TASK BRIEF
Reproduce the records that follow in full, excluding any picture they contain.
________________________
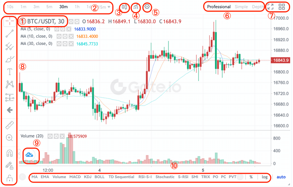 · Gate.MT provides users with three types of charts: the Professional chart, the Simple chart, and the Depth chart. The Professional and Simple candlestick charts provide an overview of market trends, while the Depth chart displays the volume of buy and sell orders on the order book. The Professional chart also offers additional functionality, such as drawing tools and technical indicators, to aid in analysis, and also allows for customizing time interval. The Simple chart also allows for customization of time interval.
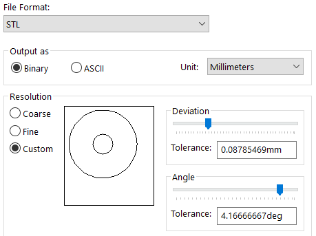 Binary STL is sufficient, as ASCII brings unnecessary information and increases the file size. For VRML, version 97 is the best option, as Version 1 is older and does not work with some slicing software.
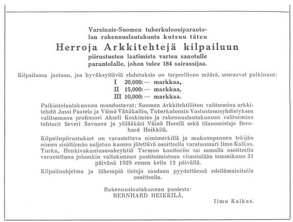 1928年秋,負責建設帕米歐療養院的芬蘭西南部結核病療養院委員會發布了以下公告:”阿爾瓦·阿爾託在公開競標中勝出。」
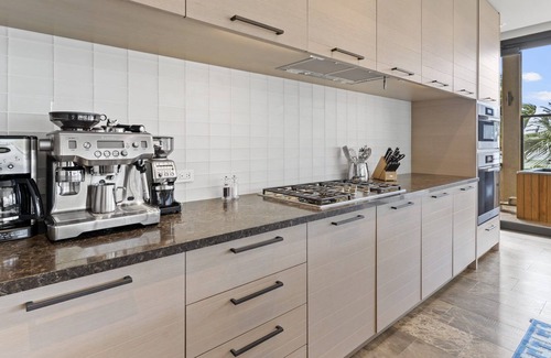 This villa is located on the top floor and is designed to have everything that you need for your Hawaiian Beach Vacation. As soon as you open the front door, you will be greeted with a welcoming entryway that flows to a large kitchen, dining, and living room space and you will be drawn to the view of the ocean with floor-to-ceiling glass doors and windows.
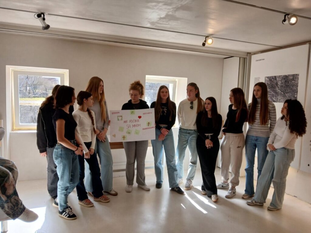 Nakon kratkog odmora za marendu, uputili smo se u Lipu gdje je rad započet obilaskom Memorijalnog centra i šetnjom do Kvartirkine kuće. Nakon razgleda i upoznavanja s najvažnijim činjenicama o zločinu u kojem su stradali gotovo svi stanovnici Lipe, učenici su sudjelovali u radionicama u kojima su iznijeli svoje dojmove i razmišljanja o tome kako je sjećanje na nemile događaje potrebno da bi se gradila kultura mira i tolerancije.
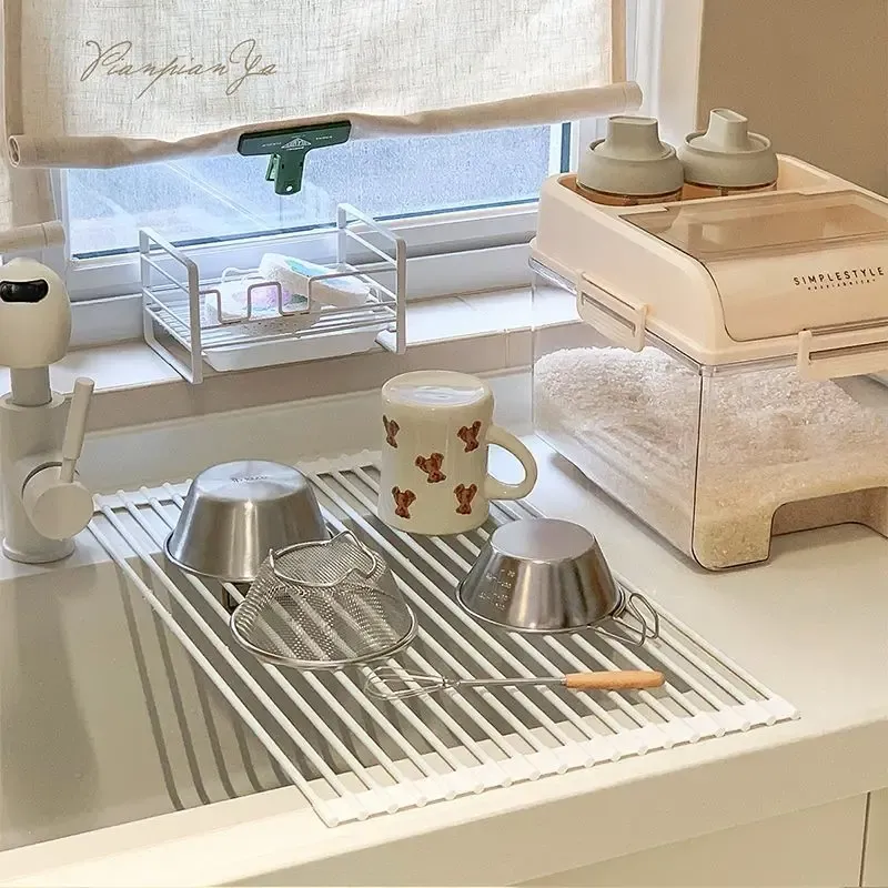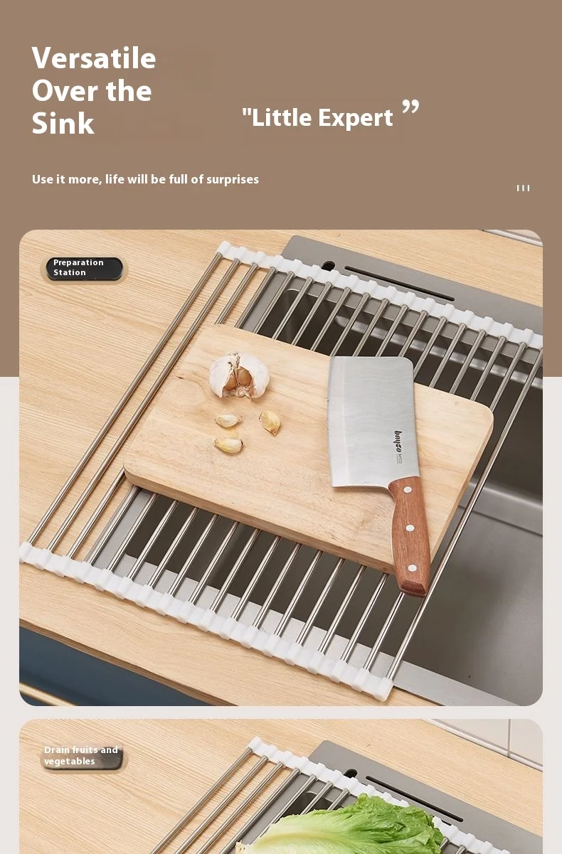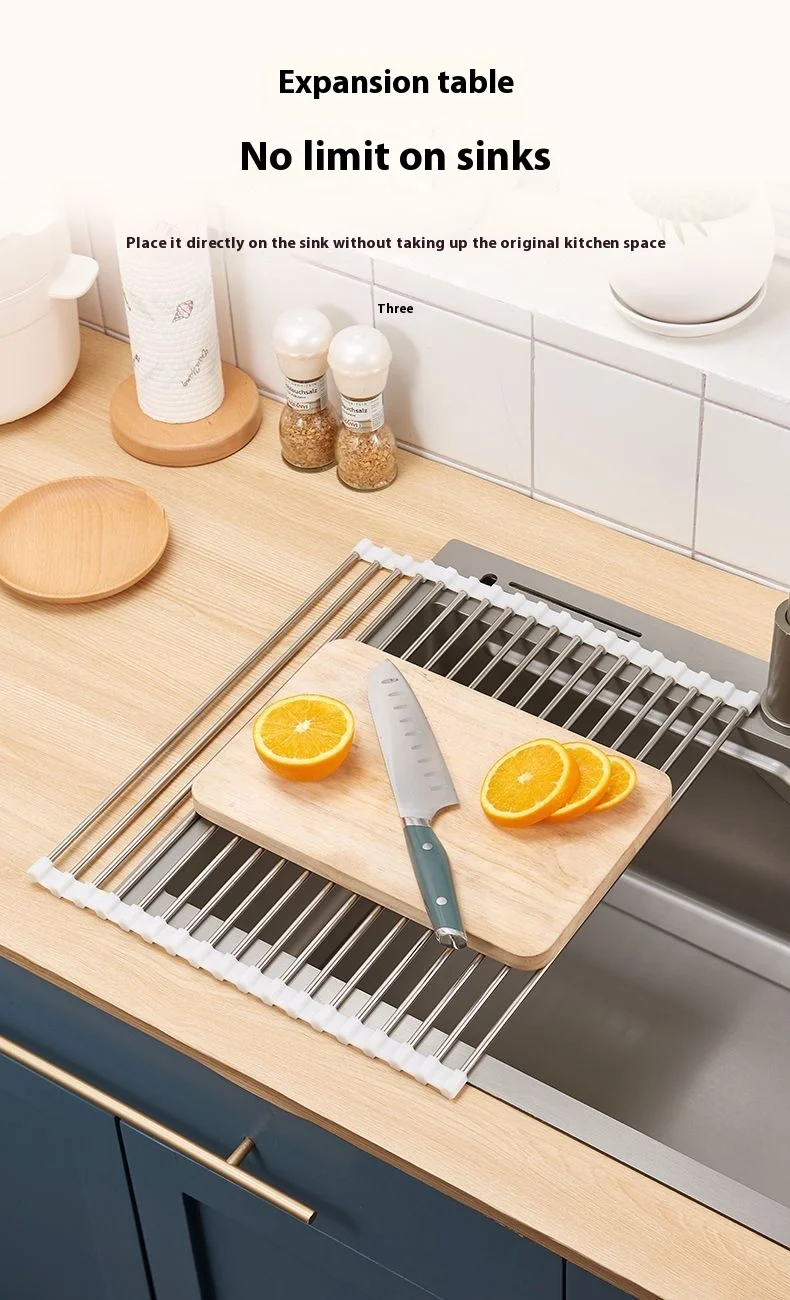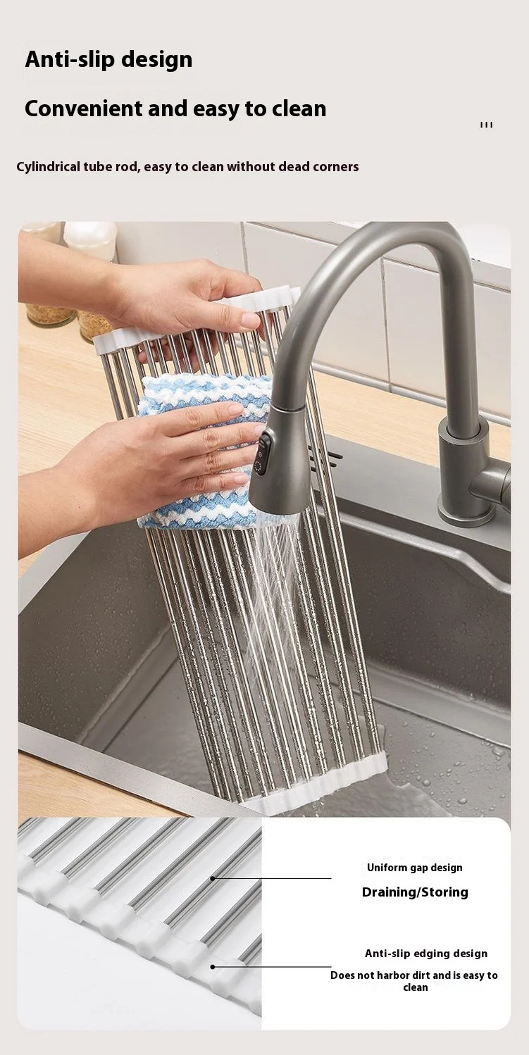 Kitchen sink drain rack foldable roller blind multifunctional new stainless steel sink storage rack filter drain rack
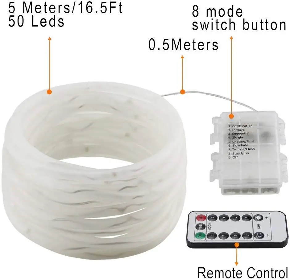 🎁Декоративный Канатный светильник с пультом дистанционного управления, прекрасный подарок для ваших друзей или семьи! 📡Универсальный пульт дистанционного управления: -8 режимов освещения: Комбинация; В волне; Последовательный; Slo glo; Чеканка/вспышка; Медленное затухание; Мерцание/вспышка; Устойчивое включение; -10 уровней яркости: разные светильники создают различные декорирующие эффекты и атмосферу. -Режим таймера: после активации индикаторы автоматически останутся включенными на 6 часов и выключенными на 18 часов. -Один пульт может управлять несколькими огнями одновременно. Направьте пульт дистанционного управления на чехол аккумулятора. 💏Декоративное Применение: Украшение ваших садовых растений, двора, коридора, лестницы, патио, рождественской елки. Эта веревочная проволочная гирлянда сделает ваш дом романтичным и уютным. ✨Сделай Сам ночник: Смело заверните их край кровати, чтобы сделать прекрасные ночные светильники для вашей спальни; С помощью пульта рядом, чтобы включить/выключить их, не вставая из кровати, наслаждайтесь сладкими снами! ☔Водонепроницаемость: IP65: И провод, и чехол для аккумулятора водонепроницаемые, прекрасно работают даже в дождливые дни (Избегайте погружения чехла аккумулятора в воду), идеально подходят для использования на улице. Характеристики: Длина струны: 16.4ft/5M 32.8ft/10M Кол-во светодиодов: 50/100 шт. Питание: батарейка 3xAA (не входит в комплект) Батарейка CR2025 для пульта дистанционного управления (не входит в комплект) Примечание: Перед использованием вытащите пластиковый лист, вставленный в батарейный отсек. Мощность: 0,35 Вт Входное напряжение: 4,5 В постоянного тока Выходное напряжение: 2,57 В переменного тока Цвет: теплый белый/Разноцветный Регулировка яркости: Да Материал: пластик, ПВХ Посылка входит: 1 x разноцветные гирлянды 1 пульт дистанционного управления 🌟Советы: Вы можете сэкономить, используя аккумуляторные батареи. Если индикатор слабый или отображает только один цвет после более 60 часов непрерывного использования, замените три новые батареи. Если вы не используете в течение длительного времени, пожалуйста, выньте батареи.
________________________
SOLUTION TO THE EXERCISE
 · Gate.MT provides users with three types of charts: the Professional chart, the Simple chart, and the Depth chart. The Professional and Simple candlestick charts provide an overview of market trends, while the Depth chart displays the volume of buy and sell orders on the order book. The Professional chart also offers additional functionality, such as drawing tools and technical indicators, to aid in analysis, and also allows for customizing time interval. The Simple chart also allows for customization of time interval.
 Binary STL is sufficient, as ASCII brings unnecessary information and increases the file size. For VRML, version 97 is the best option, as Version 1 is older and does not work with some slicing software.
 1928年秋,負責建設帕米歐療養院的芬蘭西南部結核病療養院委員會發布了以下公告:”阿爾瓦·阿爾託在公開競標中勝出。」
 This villa is located on the top floor and is designed to have everything that you need for your Hawaiian Beach Vacation. As soon as you open the front door, you will be greeted with a welcoming entryway that flows to a large kitchen, dining, and living room space and you will be drawn to the view of the ocean with floor-to-ceiling glass doors and windows.
 Nakon kratkog odmora za marendu, uputili smo se u Lipu gdje je rad započet obilaskom Memorijalnog centra i šetnjom do Kvartirkine kuće. Nakon razgleda i upoznavanja s najvažnijim činjenicama o zločinu u kojem su stradali gotovo svi stanovnici Lipe, učenici su sudjelovali u radionicama u kojima su iznijeli svoje dojmove i razmišljanja o tome kako je sjećanje na nemile događaje potrebno da bi se gradila kultura mira i tolerancije.
 Kitchen sink drain rack foldable roller blind multifunctional new stainless steel sink storage rack filter drain rack
 🎁Декоративный Канатный светильник с пультом дистанционного управления, прекрасный подарок для ваших друзей или семьи! 📡Универсальный пульт дистанционного управления: -8 режимов освещения: Комбинация; В волне; Последовательный; Slo glo; Чеканка/вспышка; Медленное затухание; Мерцание/вспышка; Устойчивое включение; -10 уровней яркости: разные светильники создают различные декорирующие эффекты и атмосферу. -Режим таймера: после активации индикаторы автоматически останутся включенными на 6 часов и выключенными на 18 часов. -Один пульт может управлять несколькими огнями одновременно. Направьте пульт дистанционного управления на чехол аккумулятора. 💏Декоративное Применение: Украшение ваших садовых растений, двора, коридора, лестницы, патио, рождественской елки. Эта веревочная проволочная гирлянда сделает ваш дом романтичным и уютным. ✨Сделай Сам ночник: Смело заверните их край кровати, чтобы сделать прекрасные ночные светильники для вашей спальни; С помощью пульта рядом, чтобы включить/выключить их, не вставая из кровати, наслаждайтесь сладкими снами! ☔Водонепроницаемость: IP65: И провод, и чехол для аккумулятора водонепроницаемые, прекрасно работают даже в дождливые дни (Избегайте погружения чехла аккумулятора в воду), идеально подходят для использования на улице. Характеристики: Длина струны: 16.4ft/5M 32.8ft/10M Кол-во светодиодов: 50/100 шт. Питание: батарейка 3xAA (не входит в комплект) Батарейка CR2025 для пульта дистанционного управления (не входит в комплект) Примечание: Перед использованием вытащите пластиковый лист, вставленный в батарейный отсек. Мощность: 0,35 Вт Входное напряжение: 4,5 В постоянного тока Выходное напряжение: 2,57 В переменного тока Цвет: теплый белый/Разноцветный Регулировка яркости: Да Материал: пластик, ПВХ Посылка входит: 1 x разноцветные гирлянды 1 пульт дистанционного управления 🌟Советы: Вы можете сэкономить, используя аккумуляторные батареи. Если индикатор слабый или отображает только один цвет после более 60 часов непрерывного использования, замените три новые батареи. Если вы не используете в течение длительного времени, пожалуйста, выньте батареи.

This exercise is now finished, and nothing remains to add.